*EXERCISE:*
When you reach the line containing "龙猫青紫蓝色獭兔毛编织皮草围巾", start transcribing exactly and continue through the last line of the data, skipping every picture.

*MATERIAL PROVIDED:*
- - - -

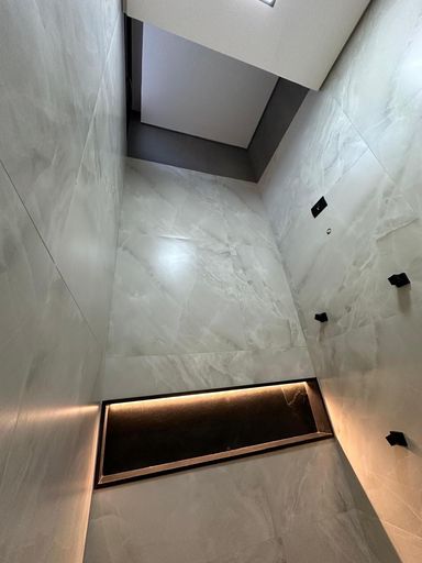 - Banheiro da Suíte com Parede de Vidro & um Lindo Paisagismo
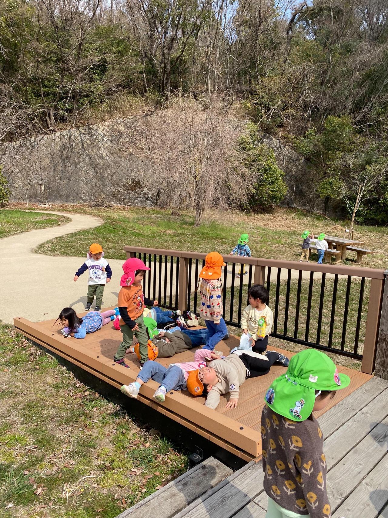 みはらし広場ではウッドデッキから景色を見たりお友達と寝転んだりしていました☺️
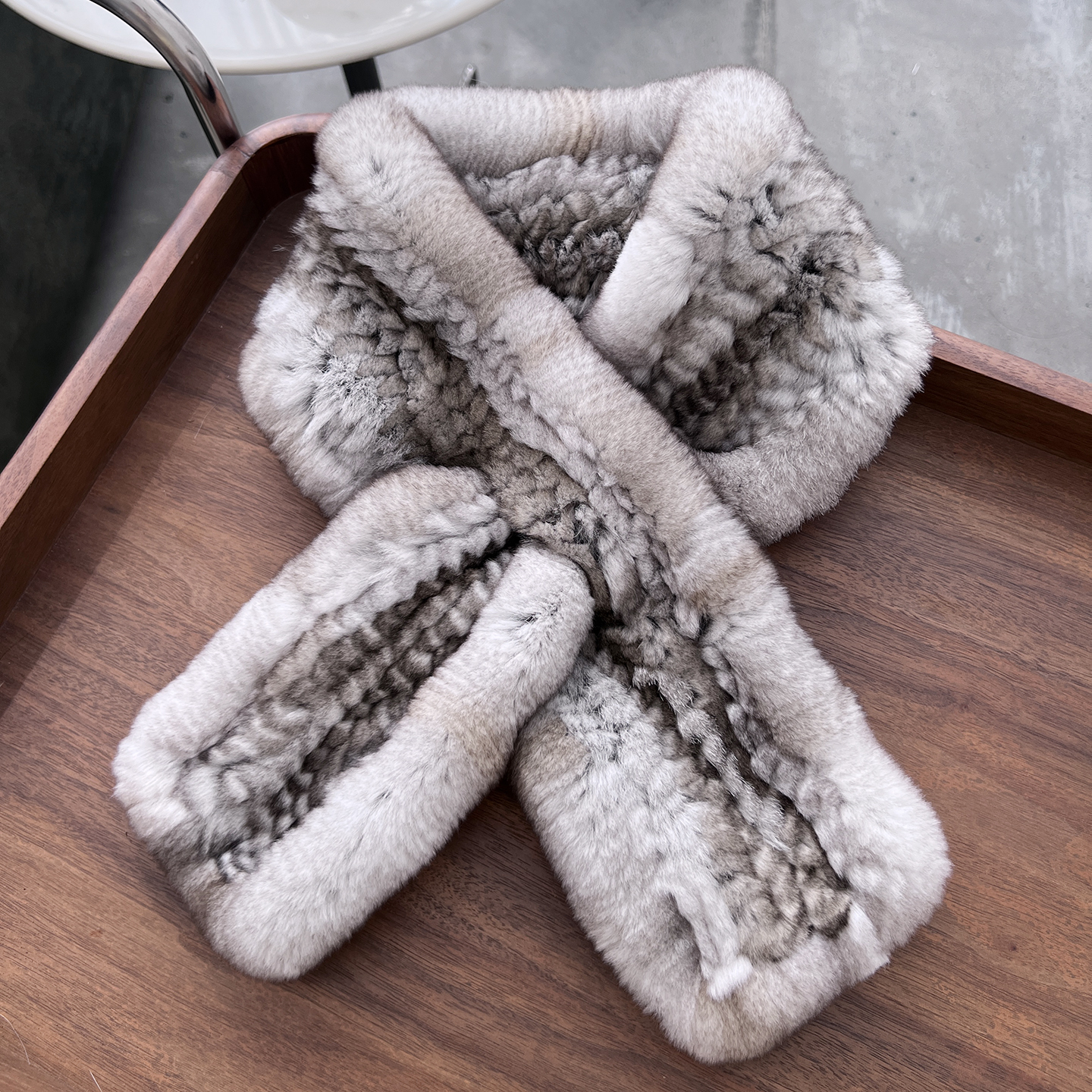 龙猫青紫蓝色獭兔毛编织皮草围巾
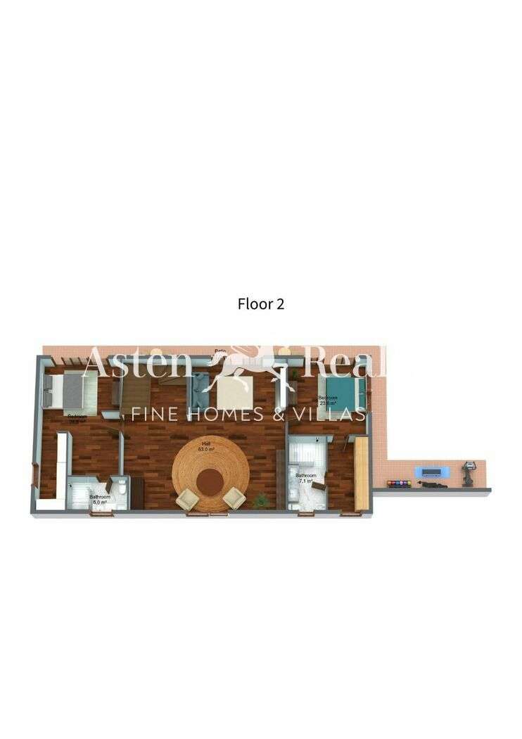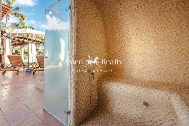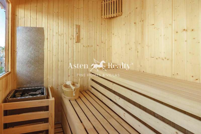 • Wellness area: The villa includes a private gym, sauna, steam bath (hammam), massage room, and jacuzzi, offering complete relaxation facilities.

- - - -

*EXERCISE ANSWER:*
 龙猫青紫蓝色獭兔毛编织皮草围巾
 • Wellness area: The villa includes a private gym, sauna, steam bath (hammam), massage room, and jacuzzi, offering complete relaxation facilities.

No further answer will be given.